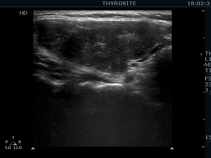 Comment. This is a typical presentation of a newly developed hypothyroidism regarding the change in echo pattern. Although the correlation between the echogenicity index and the hormonal status is week, in a particular patient, a developing hypothyroidism from an euthyroid state usually correlates with an increasing echogenicity index.Clinical data: This time the patient had no complaints, however the TSH was 16.8 mIU/L two month ago.
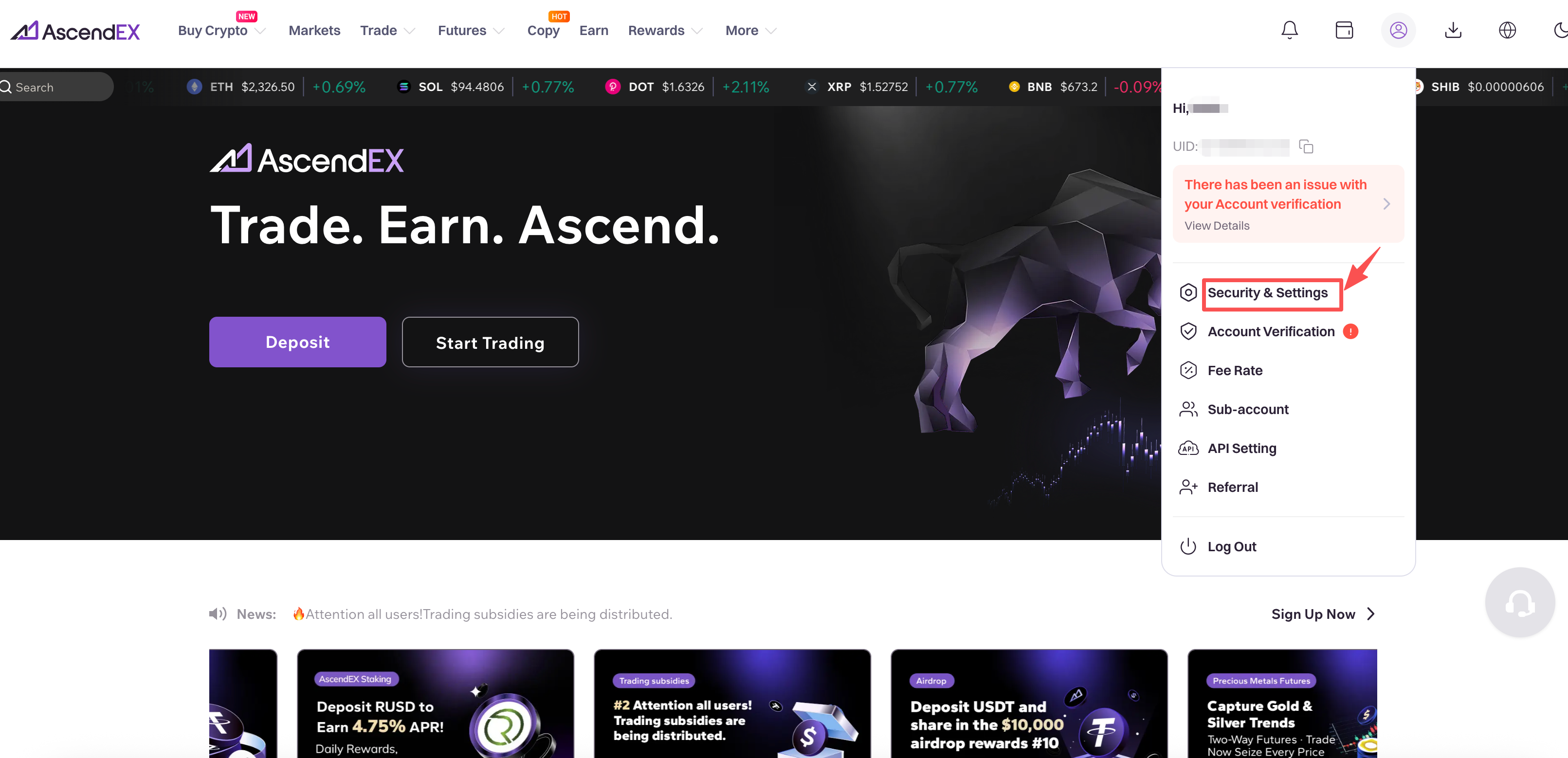 1. Users should log in to their AscendEX accounts on their PC, click the profile icon on the upper right
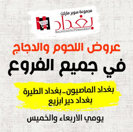 #يومين_من_العروض_الطازجة اكبر جودة #وتوفير #في جميع فروع #بغداد-جودة وتوفير! 🛒✨-🛒✨ يبدأ العرض الاربعاء 15\4\2026 حتى مساء الخميس 16\4\2026-جودة ثم سعر👌-ملاحظة هامة اصناف بغداد ذات جودة عالية-#الماصيون - شارع وزارة العدل-#الطيرة - شارع الكرمل - خلف سرية رام الله-#عين#منحد ـ بجانب تكسي الرافدين سابقا-#دير#ابزيع - الشارع الرئيسي
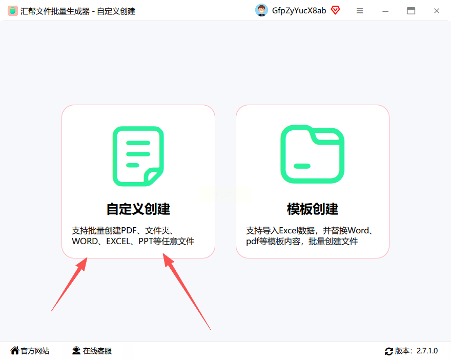 打开软件后,在主界面找到“自定义创建文件”选项并点击。这一模式支持灵活设置文件类型、数量、命名规则等参数,适合需要精确控制输出结果的场景。
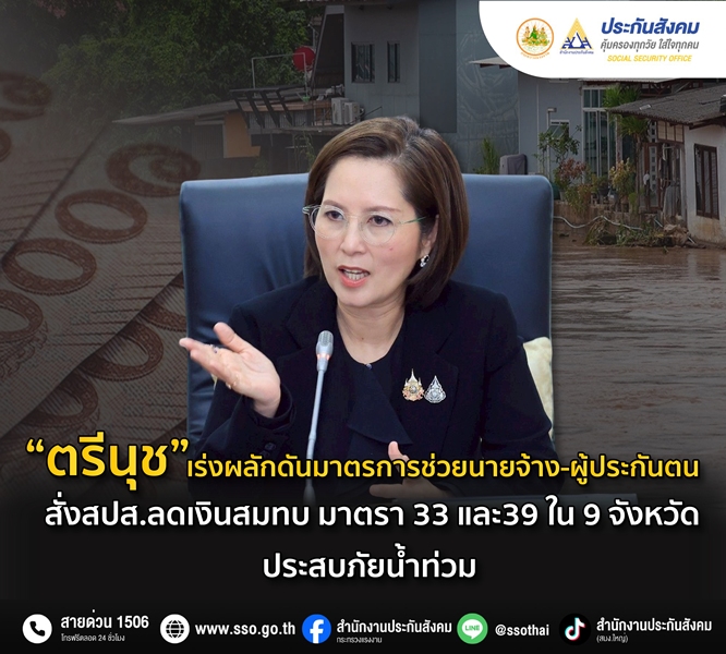 นางสาวตรีนุช เทียนทอง รัฐมนตรีว่าการกระทรวงแรงงาน เปิดเผยว่าได้เร่งให้ สปส.เพิ่มมาตรการช่วยเหลือนายจ้าง ผู้ประกันตน ใน 9 พื้นที่ประสบอุทกภัยภาคใต้ ซึ่งนอกจากมาตรการขยายระยะเวลาการนำส่งเงินสมทบเป็นระยะเวลา 6 เดือน ตามที่ ครม. ได้มีมติเห็นชอบเรียบร้อยแล้ว เมื่อวันที่ 9 ธันวาคม 2568 ได้ให้ สปส. เร่งหามาตรการเพิ่มเติม โดย สปส. ได้เสนอมาตรการลดอัตราเงินสมทบ มาตรา 33 และมาตรา 39 ในพื้นที่ประสบอุทกภัย 9 จังหวัดภาคใต้ เป็นระยะเวลา 6 เดือน เริ่มตั้งแต่เงินสมทบงวดเดือน ธ.ค. 68 – พ.ค.69
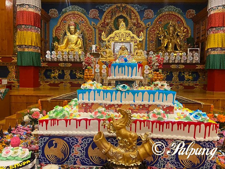2022年3月10日標誌著上師金剛持第十二世慈尊廣定大司徒巴色身於此世間從誕生至今,示現了69載。一早,八蚌耶喜讓傑林尼寺的堪布、喇嘛們、維那師和戒律師等, 以及寺院社區全體即進行煙供修法,開始了上師的生辰慶典,隨即向上師金剛持的法座獻上了代表佛陀身語意的所依物及曼達,接著現場所有信眾分享了傳統的茶與甜米,最後,以現代的生日蛋糕、唱誦吉祥祝願圓滿了上師金剛持的生辰慶典。
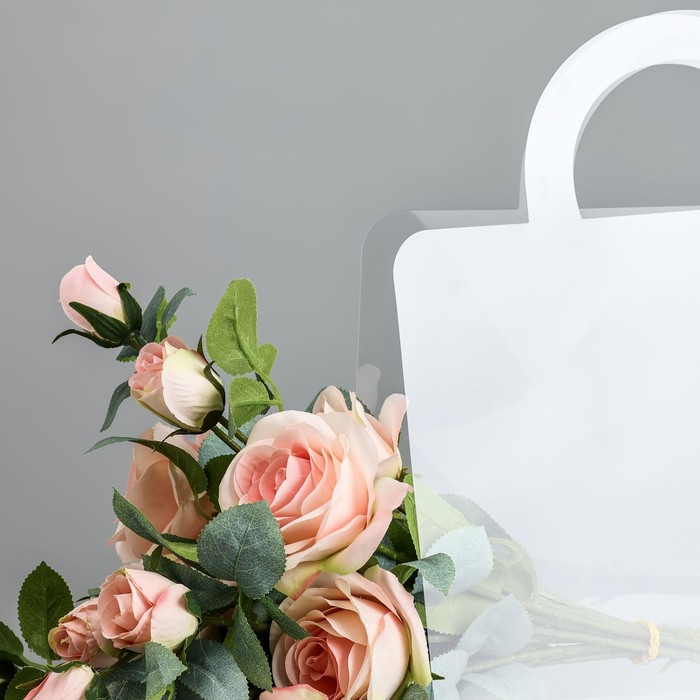 Изготовленная из высококачественного прозрачного пластика, эта сумка подчёркивает красоту растений, создавая прозрачную витрину для их изысканных форм и цветов.
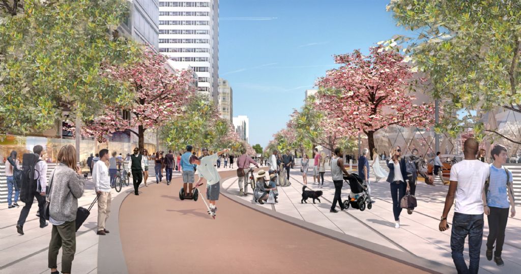 Le concept défendu dans ce nouveau projet se base sur la fluidification du trafic dans un cadre plus sain, plus vert. L’accent est mis sur un véritable partage de la voirie par tous ses usagers (piétons, cyclistes, automobilistes). Une circulation sinusoïdale rythme et structure le paysage dans lequel les piétons ont priorité sur les modes de transport.
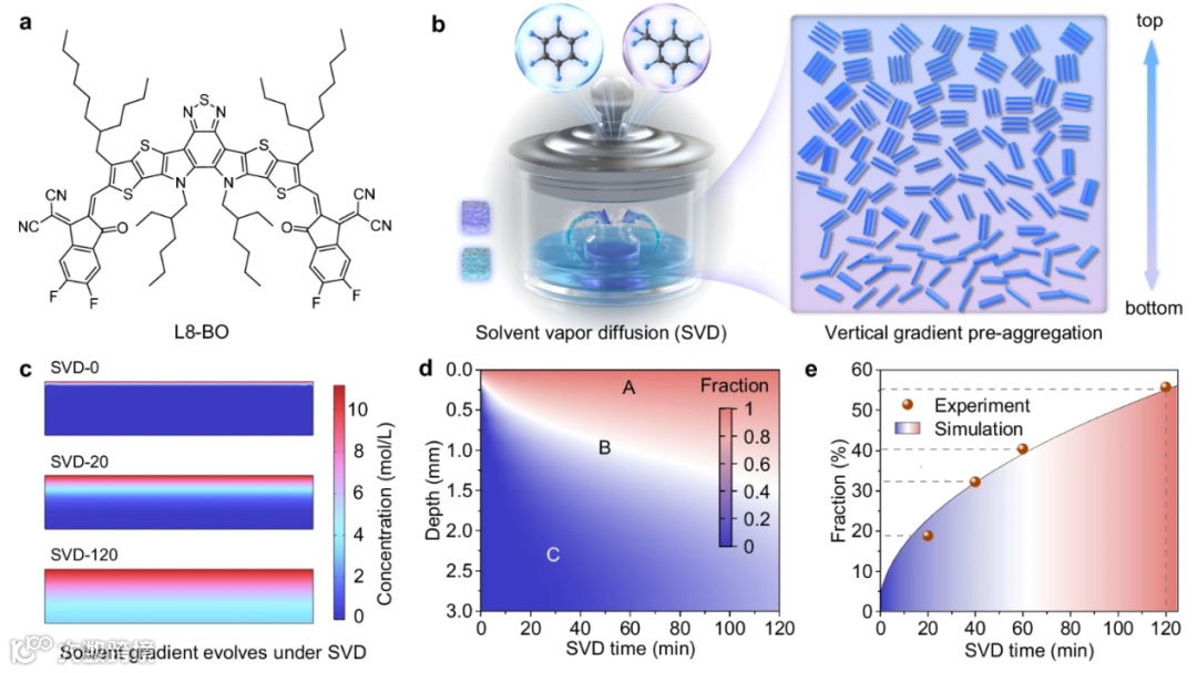 图 1.a L8-BO 的化学结构式,b 溶剂蒸汽扩散(SVD)工艺实现溶液中受体预聚集垂直梯度调控的示意图,c COMSOL 仿真得到的 SVD 过程中苯浓度梯度演变图,d 溶液中苯/甲苯占比的空间分布随 SVD 时长变化的仿真结果图,e 溶液中苯占比随 SVD 时长变化的仿真与实验对比演变曲线。

==================================================

# Task to carry out:
In the listing above, find the line containing "2022年3月10日標誌著上" and the line containing "Le concept défendu", then print exactly those two lines and every line between them, minus the pictures.

# Exercise result:
2022年3月10日標誌著上師金剛持第十二世慈尊廣定大司徒巴色身於此世間從誕生至今,示現了69載。一早,八蚌耶喜讓傑林尼寺的堪布、喇嘛們、維那師和戒律師等, 以及寺院社區全體即進行煙供修法,開始了上師的生辰慶典,隨即向上師金剛持的法座獻上了代表佛陀身語意的所依物及曼達,接著現場所有信眾分享了傳統的茶與甜米,最後,以現代的生日蛋糕、唱誦吉祥祝願圓滿了上師金剛持的生辰慶典。
 Изготовленная из высококачественного прозрачного пластика, эта сумка подчёркивает красоту растений, создавая прозрачную витрину для их изысканных форм и цветов.
 Le concept défendu dans ce nouveau projet se base sur la fluidification du trafic dans un cadre plus sain, plus vert. L’accent est mis sur un véritable partage de la voirie par tous ses usagers (piétons, cyclistes, automobilistes). Une circulation sinusoïdale rythme et structure le paysage dans lequel les piétons ont priorité sur les modes de transport.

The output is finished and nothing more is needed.